If NVIDIA is the "shovel seller" of the AI era, then TSMC is the "shovel maker." Tools make the craftsman, and from V100 and A100 to H100, NVIDIA's high-end accelerator cards all utilize TSMC's advanced CoWoS packaging technology, designed specifically to address the chip-logic integration challenges in high-computational AI fields. TSMC's CoWoS core technology: indispensable to NVIDIA.

In 2023, driven by the AI boom ignited by ChatGPT, urgent additional orders for A100 based on TSMC's 7nm process and H100 based on 4nm were placed, with TSMC's 5/4nm production lines nearing full capacity. Supply chain sources estimate that NVIDIA's substantial rush for TSMC's SHR (Super High-Rush) orders will continue for a year. Demand from tech giants like Google and AMD is equally robust.

According to Nomura Securities, TSMC's annualized CoWoS capacity was roughly 70,000-80,000 wafers by the end of 2022 and is expected to increase to 140,000-150,000 wafers by the end of 2023, potentially challenging 200,000 wafers by the end of 2024. Facing severe demand exceeding supply for advanced CoWoS packaging, TSMC has embarked on a significant expansion of CoWoS production capacity. TSMC plans to achieve a 60% compound annual growth rate in CoWoS capacity from the end of 2023 to the end of 2026, implying CoWoS capacity will increase approximately fourfold by the end of 2026.

In the first half of 2024, the top 10 global market capitalization rankings reveal significant trends. The top five companies are all in the technology sector, with NVIDIA soaring to third place and TSMC making a comeback onto the list. Tesla, absent from the top rankings, sits at 13th place this time. Unlike previous years of rapid growth across major markets worldwide, Tesla has faced challenges including weakening demand, shrinking profits, and intensified competition from other automakers. As Tesla's growth slows, its profitability no longer stands out, placing its valuation under renewed pressure.

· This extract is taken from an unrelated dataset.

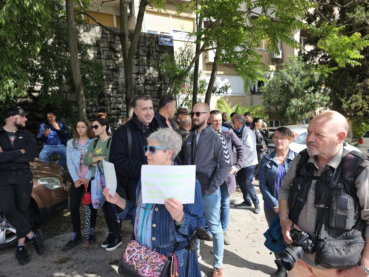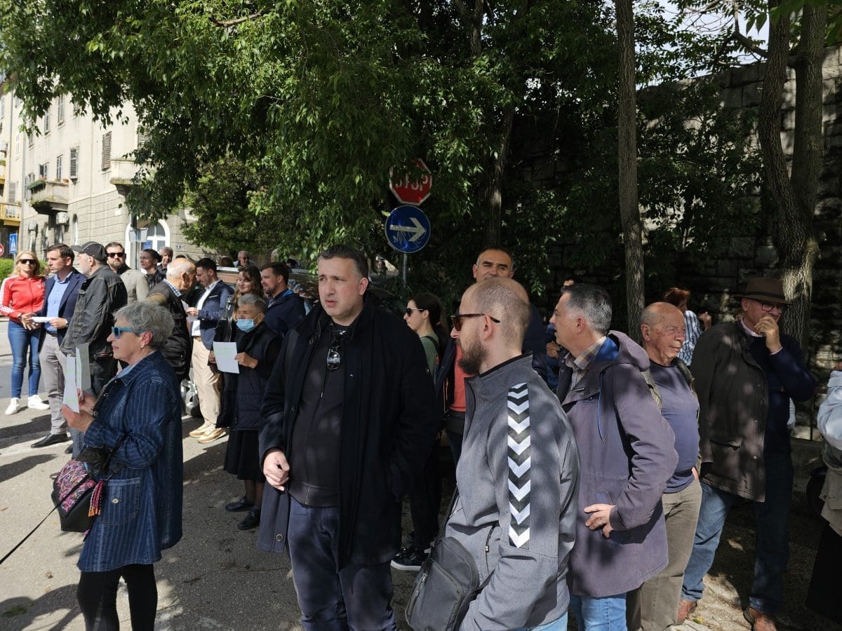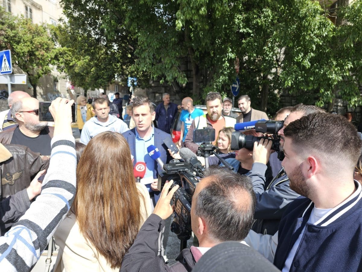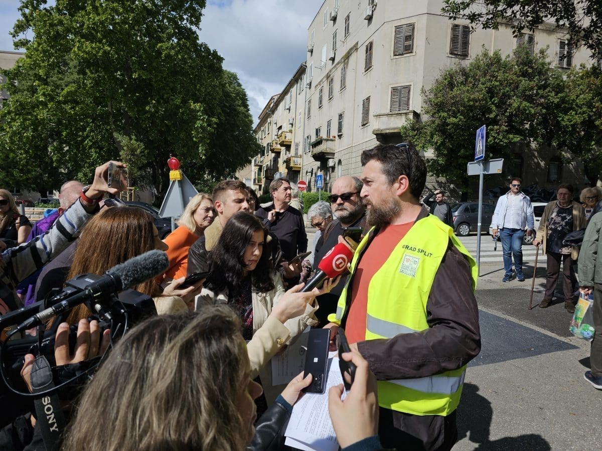 Pred okupljene novinare i prosvjednike stao je splitski dogradonačelnik Bojan Ivošević.

Meanwhile, TSMC and NVIDIA have continued their strong growth momentum from last year, reaching new highs. This shift not only reflects the sustained prosperity of the tech industry but also underscores several critical global economic trends. Firstly, with ongoing advancements in technologies like AI, big data, and cloud computing, the tech sector is becoming a pivotal driver of global economic growth. Secondly, the semiconductor industry, fundamental to the tech sector, is increasingly vital. Successes like those of TSMC will further propel global semiconductor development, injecting new vitality into the global economy.

Moreover, changes in the global top 10 market capitalization list signify intensifying competition within the tech industry. The rise of companies like NVIDIA and TSMC not only pressures other tech firms but also drives continuous innovation and progress across the industry. Currently, global tech giants are heavily investing in AI, each carving out unique paths in this domain, as AI models swiftly transition from labs to real-world applications. Two things are abundantly clear: AI competition is heating up, and even without clear winners yet, this competition is already reshaping how many tech companies apply their technologies. AI has provided a stage and hope for tech giants, marking a new era of possibilities.